What kills me is I'm really not seeing how anyone ELSE would want to put up with a depressed autistic with ADD. If it's enough to kill a seventeen year marriage how would even casual dating survive it?
_Posted via Mobile Device_


----------



## Faithful Wife (Oct 31, 2012)

Tulanian...I don't know your story, but it sounds like you are in the midst of a divorce? I'm sorry for that. Divorce sucks.

But when you are done with the D and truly moved on afterwards (which takes awhile), then there are resources out there for people with your conditions to help make you an attractive mate...if you are open to them. My point is, don't worry about that now, but when you are really there, there is hope and help.

I have two very close friends who have similar issues, who have learned a lot of skills to make them very date worthy.


----------



## Anon Pink (Jan 17, 2013)

She's saying fix how those mental health problems affect how you show her love.

None of those dx prevent you from showing love. Your wife wasn't able to see how you did show your love and wanted you to become something that is unreasonable considering those "potential" limitations. 

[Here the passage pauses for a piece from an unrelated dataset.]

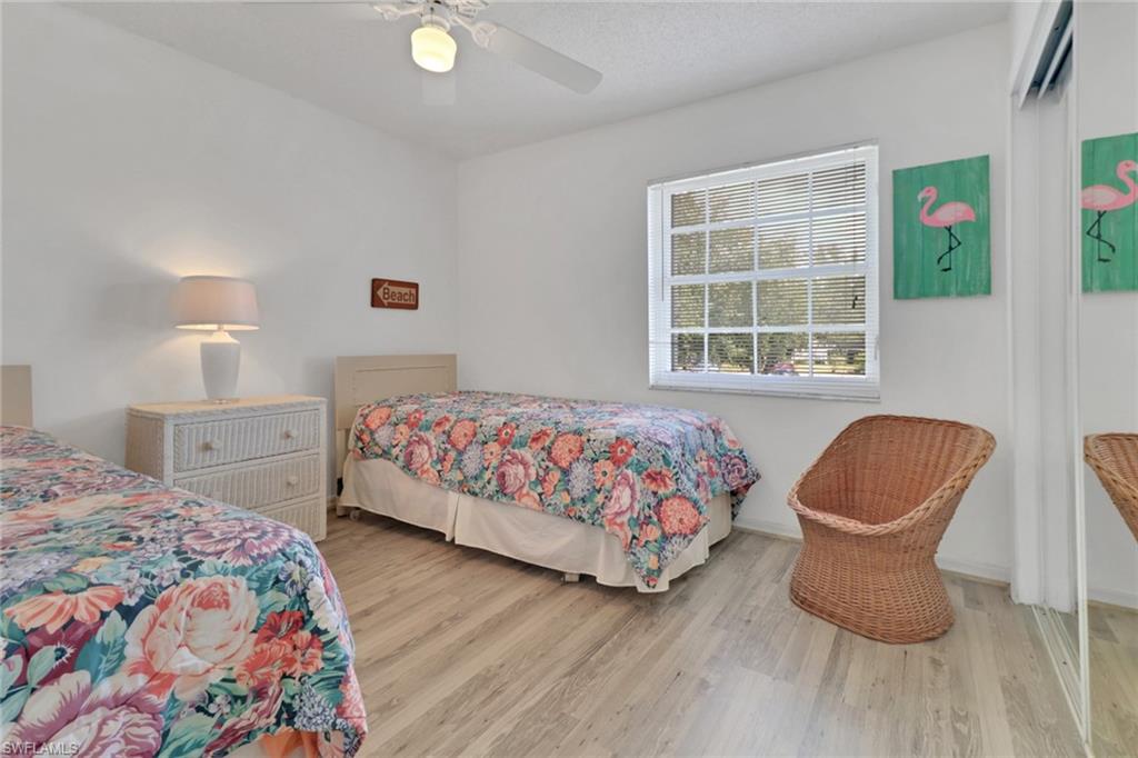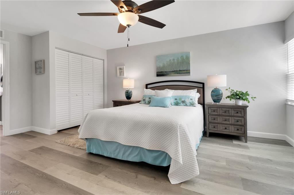 Immaculate condo with 2 master suites and parking right outside your door. Walk to Publix, Target and many restaurants. Not a 55 + community. Recently remodeled with Shaker kitchen, granite and brand new appliances. All in one state of the art ventless washer dryer. Tile and laminate plank flooring throughout. New paint. Strong rental history. Enjoy the Florida sunshine in your private patio set in lavish resort style landscaping. Electric hurricane shutters in lanai. The beach is a few minutes drive and SWFL airport thirty mins away. Crown molding, in unit laundry and extra storage. USOP National Pickleball Center 22 minutes. Association has conducted a Milestone Inspection and Structural Integrity Reserve Study. A Turnover Inspection Report is not required.

A dear friend who I admire greatly always says: 

There a lid for every pot.

Hang in there Tulanian!


----------



## Anon Pink (Jan 17, 2013)

Tulanian said:


> What kills me is I'm really not seeing how anyone ELSE would want to put up with a depressed autistic with ADD. If it's enough to kill a seventeen year marriage how would even casual dating survive it?
> _Posted via Mobile Device_


Now you'll be looking for a woman who can see your gifts for what they are. Your depression won't last forever. ADD is actually fun and impulsive sex is awesome! Autism makes connections harder to form, but not impossible. You did it once, you'll be able to do it again.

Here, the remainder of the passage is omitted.